A manufacturing shortfall likely cost Bristol Myers Squibb the chance of an FDA approval for CAR-T therapy liso-cel by the end of 2020—and sent a potential $9-apiece Celgene deal sweetener into the trash can. Investors looking for details of the expensive misstep now have the answers.

Lack of differentiation measures at storage areas, which opened up the potential for material mix-ups, and inadequate prevention of microbial contamination are among the problems FDA staffers noted during an inspection of a Lonza facility in Houston, which is under contract to make viral vectors for liso-cel.

The protocol breaches were summarized in a four-observation Form 483 (PDF) the FDA posted on its website. Bristol Myers previously said it had responded to the observations within eight days, once the inspection closed on Dec. 10.

The week-long Lonza plant inspection, which was part of liso-cel’s drug application review, came later than expected because of  COVID-19, pushing back the FDA’s decision from a previous deadline in November. But when the FDA inspectors finally arrived, the facility didn’t exactly have its act together.

In the highly-redacted document, the FDA inspectors noted that there was no separate storage area for certain products to prevent mix-ups. Bottles intended for different markets, as well as materials derived from test runs were stored in the same bin, the inspetors found.

The same bin was also used to store an unidentified material that had been rejected by the facility’s quality unit. Manufacturing processes for liso-cel meant for the U.S. and EU are different, they pointed out.

Apart from their adjacent locations, the bottles' labels were also quite similar. For example, bottles of both accepted and rejected material bear a “RELEASED” label with the same color palette and font.

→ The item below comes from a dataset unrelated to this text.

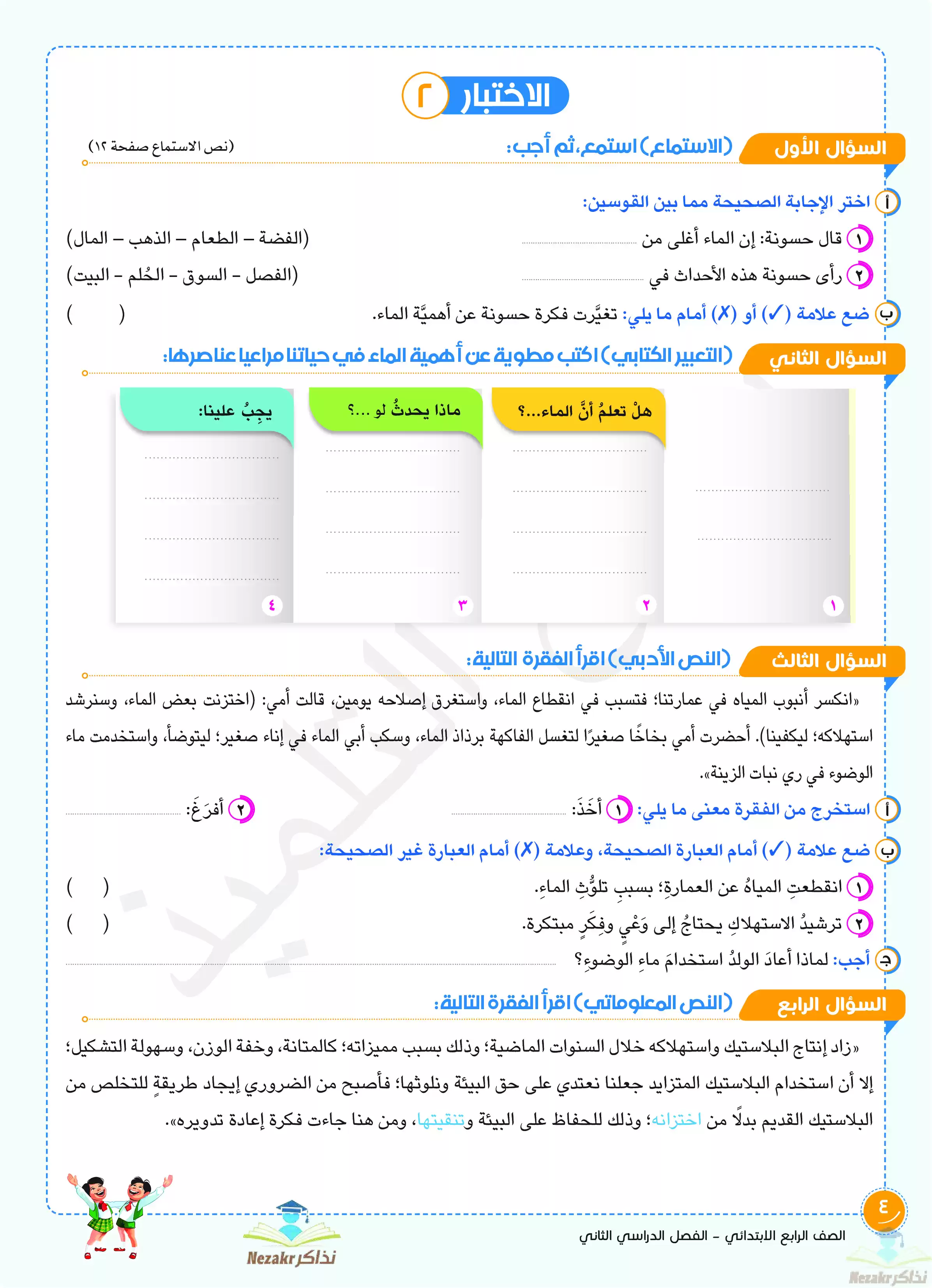صفحة 4 من 155 صفحة من ملف: مراجعة مادة اللغة العربية للصف الرابع الابتدائي شهر فبراير 2024

RELATED: Bristol Myers CVR down the drain as CAR-T drug's FDA manufacturing inspection spots problem

Facility workers were also accused of failing to verify the identity of each incoming batch of certain raw materials before releasing them for manufacturing. Some other written procedures were not always followed, either. Plus, the FDA inspectors observed one case of inadequate aseptic operation control.

The Lonza plant wasn’t the only liso-cel manufacturer that didn’t pass muster during an FDA checkup. Before it, Bristol Myers’ own facility in Bothell, Washington—a legacy Juno Therapeutics plant that the New York pharma acquired in its Celgene buyout—was also slapped with a Form 483.

Although the two manufacturing notices might not cost Bristol Myers an eventual green light for liso-cel—as long as the FDA’s satisfied with the company’s response and doesn’t escalate its actions—they definitely slowed things down. And timing was top of mind for holders of the contingent value rights tied to the Celgene buyout.

RELATED: FDA dings Bristol Myers' CAR-T plant. Will it hurt liso-cel's approval prospects—and investors' CVR value?

An FDA nod for liso-cel in third-line large B-cell lymphoma by the end of 2020 was one of the three conditions that would have triggered the $9-per-share payment. The multiple sclerosis drug Zeposia had met its own goal with an FDA go-ahead in March. And BCMA-targeted CAR-T drug ide-cel bears an FDA decision date that comes before its CVR deadline at the end of March.

On the heels of the latest liso-cel regulatory setback—which followed several others for both liso-cel and ide-cel—Bristol Myers’ former head of hematology Nadim Ahmed stepped down earlier this month. The company’s cell therapy division fell under his purview.

Lonza didn’t exactly have a clean slate when it comes cell therapy manufacturing. Back in 2017, the Swiss CDMO’s facility in Walkersville, Maryland, was hit with an FDA warning letter over issues including validation and aseptic process simulations.